(Stored data)
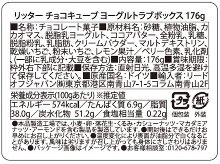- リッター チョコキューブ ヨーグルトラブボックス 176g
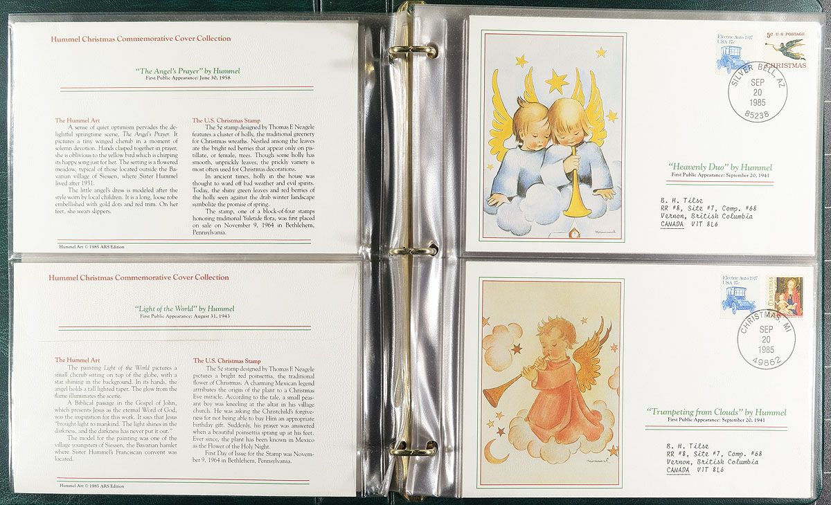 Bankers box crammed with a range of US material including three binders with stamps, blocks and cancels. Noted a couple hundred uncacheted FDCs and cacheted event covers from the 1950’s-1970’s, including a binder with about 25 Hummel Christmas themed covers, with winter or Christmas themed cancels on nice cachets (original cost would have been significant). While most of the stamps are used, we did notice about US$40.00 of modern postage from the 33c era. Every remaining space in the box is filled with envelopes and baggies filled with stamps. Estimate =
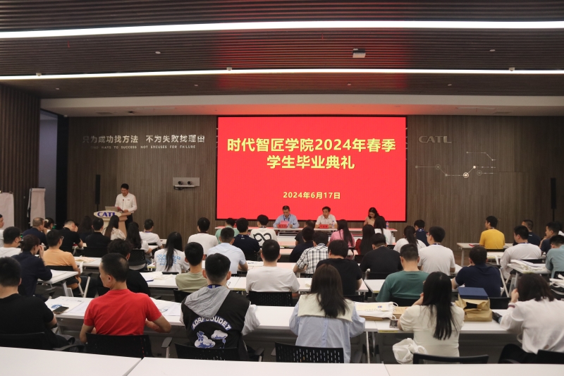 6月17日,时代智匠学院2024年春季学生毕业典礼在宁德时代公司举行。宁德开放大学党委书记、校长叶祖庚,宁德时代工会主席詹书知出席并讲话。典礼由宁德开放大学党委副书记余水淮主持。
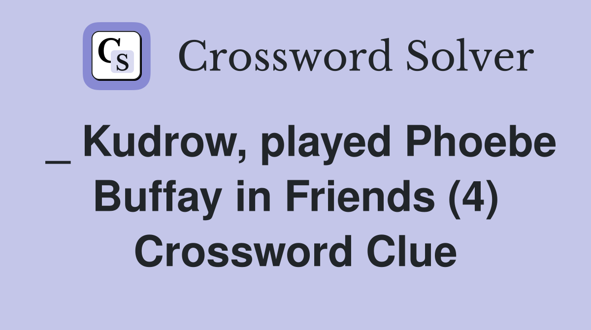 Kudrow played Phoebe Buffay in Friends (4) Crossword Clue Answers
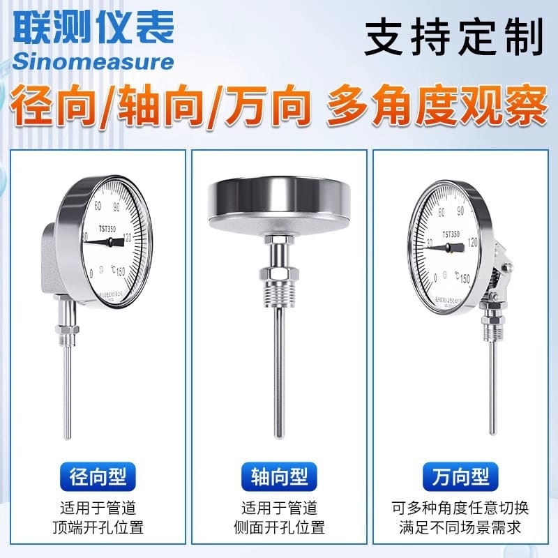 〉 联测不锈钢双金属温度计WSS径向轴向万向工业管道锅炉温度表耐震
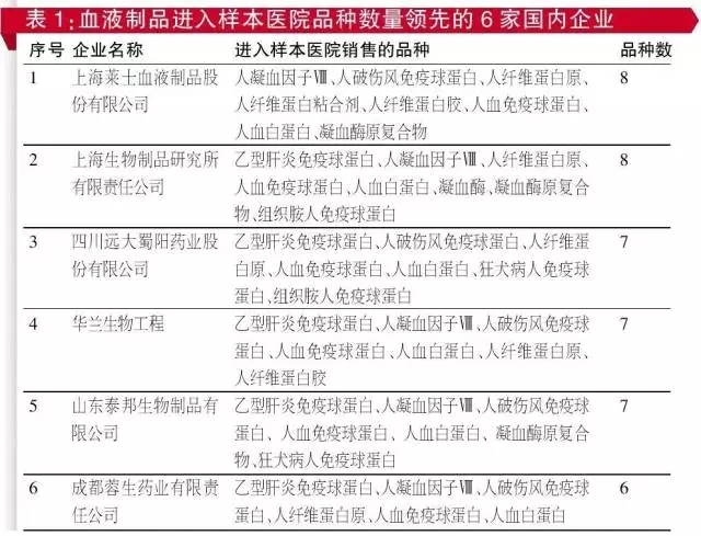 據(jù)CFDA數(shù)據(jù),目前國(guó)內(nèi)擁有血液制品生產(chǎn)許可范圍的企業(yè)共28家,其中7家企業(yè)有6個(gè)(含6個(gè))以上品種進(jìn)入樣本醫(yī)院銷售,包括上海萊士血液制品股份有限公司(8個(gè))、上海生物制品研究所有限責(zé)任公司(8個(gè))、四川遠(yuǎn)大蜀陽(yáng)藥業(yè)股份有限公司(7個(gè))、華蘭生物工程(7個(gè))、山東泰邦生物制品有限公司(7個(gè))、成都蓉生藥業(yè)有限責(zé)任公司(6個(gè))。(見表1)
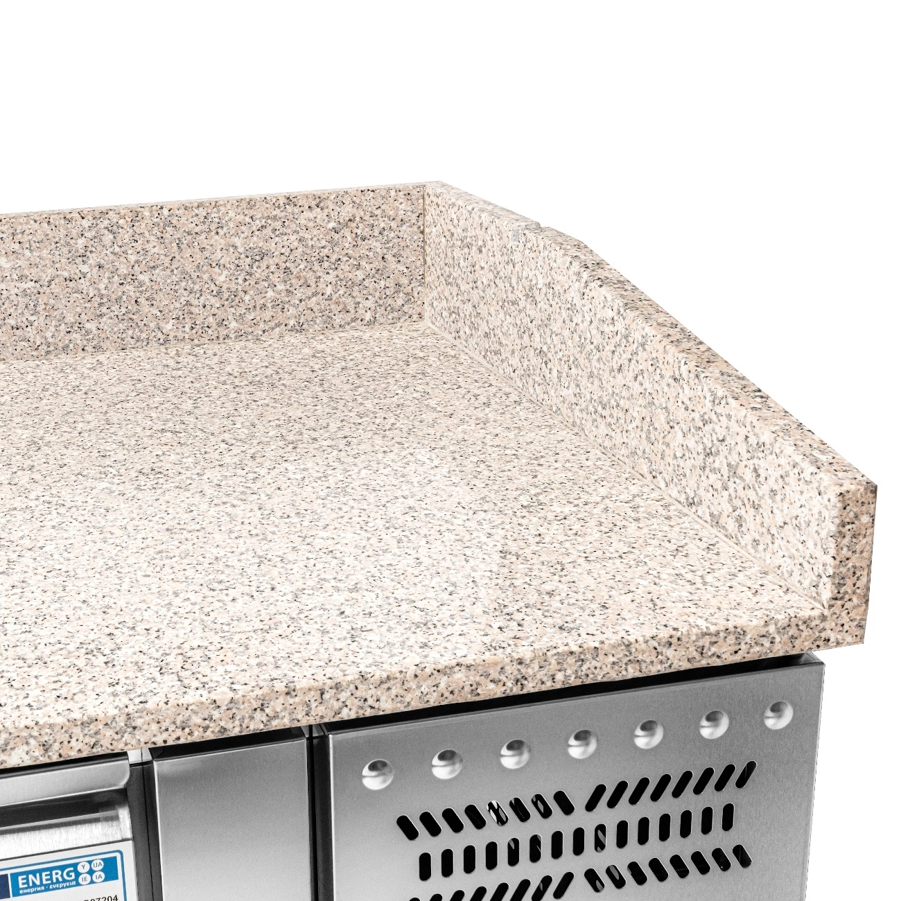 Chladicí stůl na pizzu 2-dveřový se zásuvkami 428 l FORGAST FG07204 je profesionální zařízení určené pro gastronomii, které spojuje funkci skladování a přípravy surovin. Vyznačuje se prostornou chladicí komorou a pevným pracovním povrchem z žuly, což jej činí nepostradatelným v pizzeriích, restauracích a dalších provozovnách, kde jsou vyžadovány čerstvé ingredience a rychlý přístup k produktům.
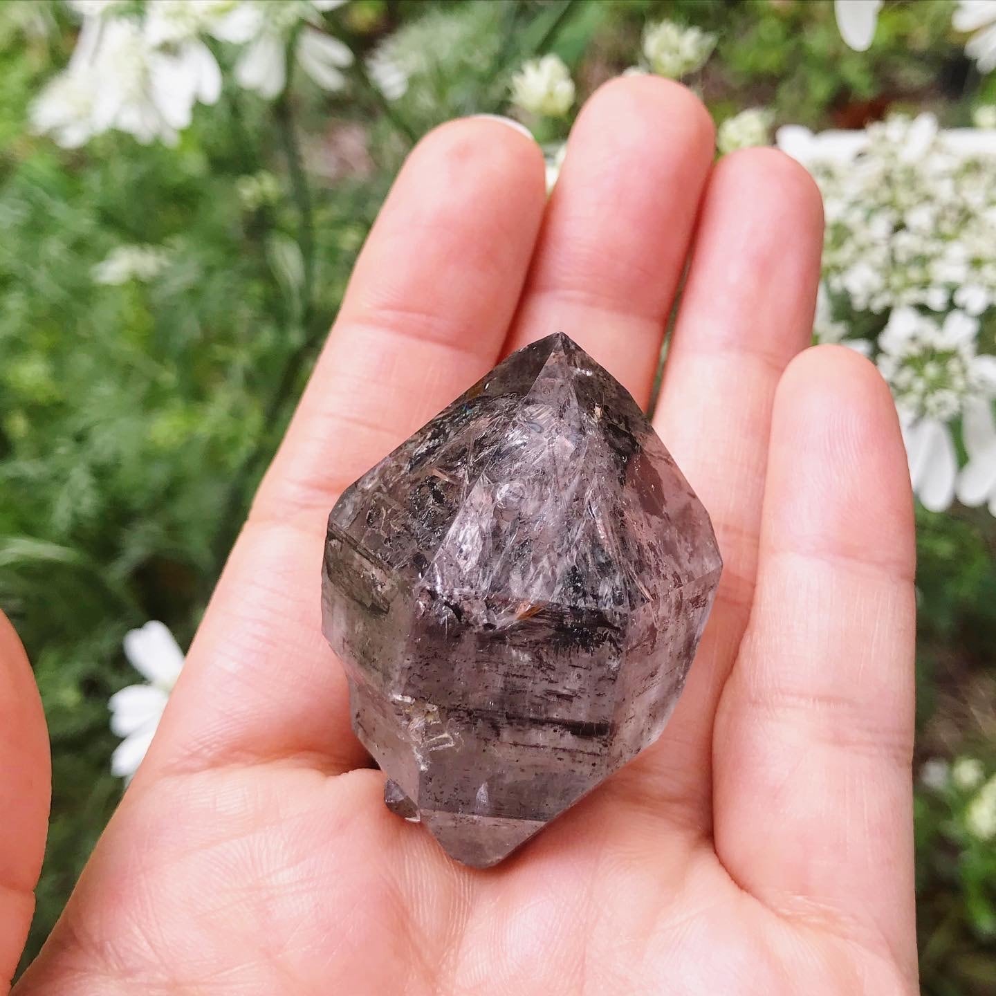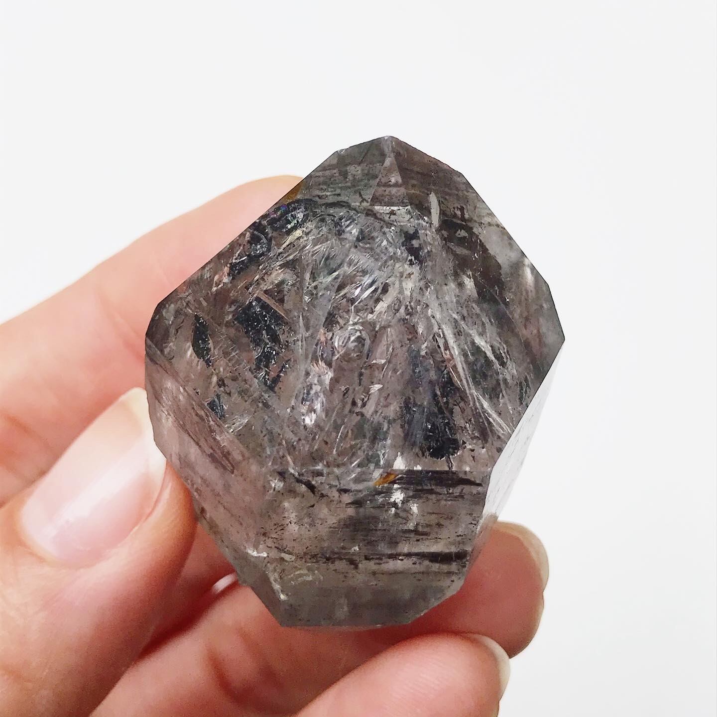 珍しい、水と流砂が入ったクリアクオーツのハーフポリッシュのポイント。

Exercise requirements | Only the lines above starting with the line with "Bankers box crammed" and going on through the line with "Chladicí stůl na" belong in the answer; repeat them exactly, minus any picture.

Expected answer |
 Bankers box crammed with a range of US material including three binders with stamps, blocks and cancels. Noted a couple hundred uncacheted FDCs and cacheted event covers from the 1950’s-1970’s, including a binder with about 25 Hummel Christmas themed covers, with winter or Christmas themed cancels on nice cachets (original cost would have been significant). While most of the stamps are used, we did notice about US$40.00 of modern postage from the 33c era. Every remaining space in the box is filled with envelopes and baggies filled with stamps. Estimate =
 6月17日,时代智匠学院2024年春季学生毕业典礼在宁德时代公司举行。宁德开放大学党委书记、校长叶祖庚,宁德时代工会主席詹书知出席并讲话。典礼由宁德开放大学党委副书记余水淮主持。
 Kudrow played Phoebe Buffay in Friends (4) Crossword Clue Answers
 〉 联测不锈钢双金属温度计WSS径向轴向万向工业管道锅炉温度表耐震
 據(jù)CFDA數(shù)據(jù),目前國(guó)內(nèi)擁有血液制品生產(chǎn)許可范圍的企業(yè)共28家,其中7家企業(yè)有6個(gè)(含6個(gè))以上品種進(jìn)入樣本醫(yī)院銷售,包括上海萊士血液制品股份有限公司(8個(gè))、上海生物制品研究所有限責(zé)任公司(8個(gè))、四川遠(yuǎn)大蜀陽(yáng)藥業(yè)股份有限公司(7個(gè))、華蘭生物工程(7個(gè))、山東泰邦生物制品有限公司(7個(gè))、成都蓉生藥業(yè)有限責(zé)任公司(6個(gè))。(見表1)
 Chladicí stůl na pizzu 2-dveřový se zásuvkami 428 l FORGAST FG07204 je profesionální zařízení určené pro gastronomii, které spojuje funkci skladování a přípravy surovin. Vyznačuje se prostornou chladicí komorou a pevným pracovním povrchem z žuly, což jej činí nepostradatelným v pizzeriích, restauracích a dalších provozovnách, kde jsou vyžadovány čerstvé ingredience a rychlý přístup k produktům.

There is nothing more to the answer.